At time of writing, Westport had whittled its options down to 25 – four in Fremantle, four in Bunbury and 17 in Perth’s main industrial strip in Kwinana.

Westport project director Tim Collins told a recent Property Council of Australia event that a shortlist of five options would soon be released, and a final recommendation presented to government in November.

Mr Collins said Westport was working on a conservative assumption of 3.25 per cent annual growth at Fremantle Port, taking annual trade from its current level of 800,000 container movements (TEUs) to 3.8 million over 50 years.

One of the key points of contention at Fremantle is the port’s future capacity. 

While Mr Collins said the port itself could handle a substantial upgrade, access was a crucial factor.

“The road network, the heavy vehicle supply chain and the rail chain are really beginning to struggle with the growth that’s occurring,” he said.

“In trying to come to grips with the issues at Fremantle it’s about how we either unlock those supply chains and get them to perform to the best of their ability; bearing in mind that the Westport project is not a 10- year or 15-year project, we are looking at issues 50 years and beyond.

“Whereas some people might suggest that Leach Highway is okay or the rail network is working okay, we are really thinking about an end state of what the demands of the import and export trade are likely to be like in 50 years, and therefore what we need to do between now and then to actually serve the customers of the port.”

Mr Collins said moving the port to Kwinana, and the environmentally sensitive Cockburn Sound, was also not without challenges. 

“We are very much trying to look first with an environmental lens. Cockburn Sound is not only delicate and valuable, and it has been given a pretty rough ride over the last 50-odd years,” he said.

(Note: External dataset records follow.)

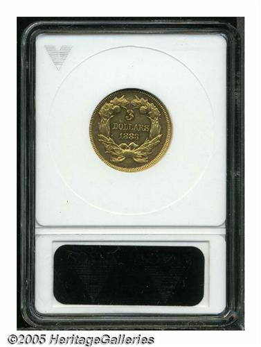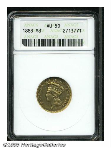 <B>1883<$3> AU50 ANACS.</B></I> This issue has the distinction of ranking among a handful of thee-dollar gold coins with mintages under 1,000 coins. In this case, a total of 900 business strikes and 89 proofs were issued. This sharply struck example has prooflike fields that are marred by only a few tiny surface marks.
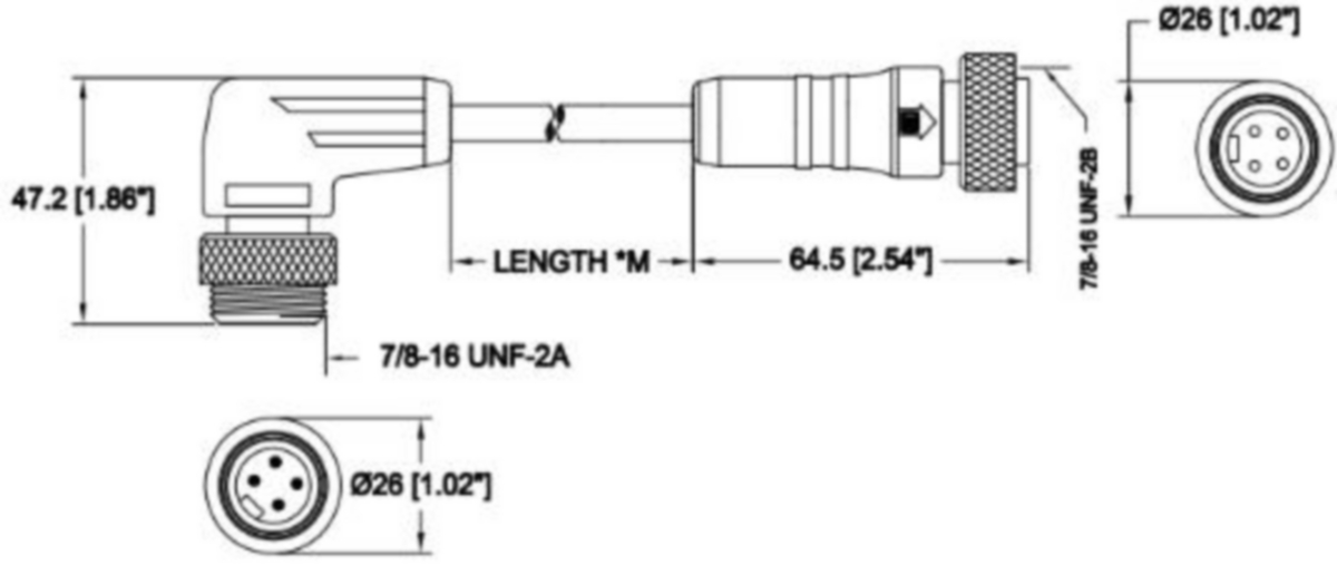 (4)7/8" Power Double-Ended Cordset: Male angled to female angled, 4-pin, yellow body, 10 A, 600 V, TPE yellow cable, 4x1.5 mm² (16 AWG)
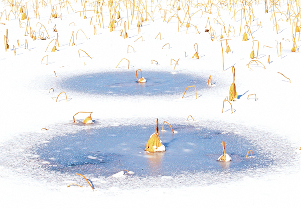 我的攝影創(chuàng)作圍繞生命的痕跡、時(shí)間的隱喻兩個(gè)主題。在《嘉實(shí)擷芳·野圃瑤音》中,菜園的微觀生態(tài)被賦予交響樂般的節(jié)奏——葫蘆藤的螺旋曲線是生命的律動(dòng),西紅柿根莖的垂直排列是生長(zhǎng)的秩序,蚜蟲蝕痕的細(xì)節(jié)則暗喻生態(tài)的共生與抗?fàn)?。而在《澄漪棹影·沙月溯光》里,榮成海岸的冬夏對(duì)比成為時(shí)間的隱喻,結(jié)冰湖面上的凋敗蓮蓬是流逝凝固的時(shí)光,夏日海邊的金色水洼則是流動(dòng)的永恒。我癡迷于捕捉這種矛盾與共生——就像用冷暖色調(diào)碰撞出畫面的張力,也用虛實(shí)構(gòu)圖處理每一張照片,期待每一張照片是個(gè)性鮮明,讓人耳目一新。
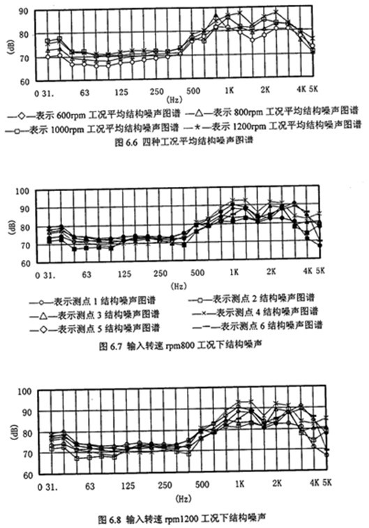 (5)從圖6.9空氣噪聲倍頻程圖譜可以看出,隨著轉(zhuǎn)速升高在小于1000Hz時(shí)空氣噪聲倍頻程幅值變化不大,但大于1000Hz至5000Hz時(shí)變化較明顯,這與減速器的嚙合頻率或嚙合頻率倍數(shù)成份上的振動(dòng)幅值較大有很大關(guān)系。

“It’s starting to recover, and if Westport moves to a port down in Cockburn Sound, we want to make sure that we’re not doing that in a way that is going to detract from the environment, in fact we are even trying to add some value to the environment down there.”

At Cockburn Sound, a new port aligned with Rowley Road would be constrained by seagrass and residential development, which would limit the speed of road trains along the freight route.

Another option would be to locate the port in line with Anketell Road, but Mr Collins said that would also be subject to certain issues.

“While the main freight route serving a port precinct of Anketell is fantastic, the last mile rolling through the Kwinana industrial area is quite challenging,” he said.

“There is about a kilometre of industry we need to navigate through, not the least of which is the Water Corporation’s desalination development that sits smack bang where we would like to build.”

Mr Collins said the location of Beeliar Regional Park, between the coastline and industrial precinct Latitude 32 (which the government is seeking to leverage), was also a major constraint for a port at Cockburn Sound.

“Clearly, through our environmental lens we cannot drive an eight-lane superhighway through Beeliar Regional Park, and we can’t run a rail corridor through that park,” he said.

“It would make the environmental stoush that we all saw a couple of years ago look like a walk in the park.

“We are trying to think about how technology can solve that.”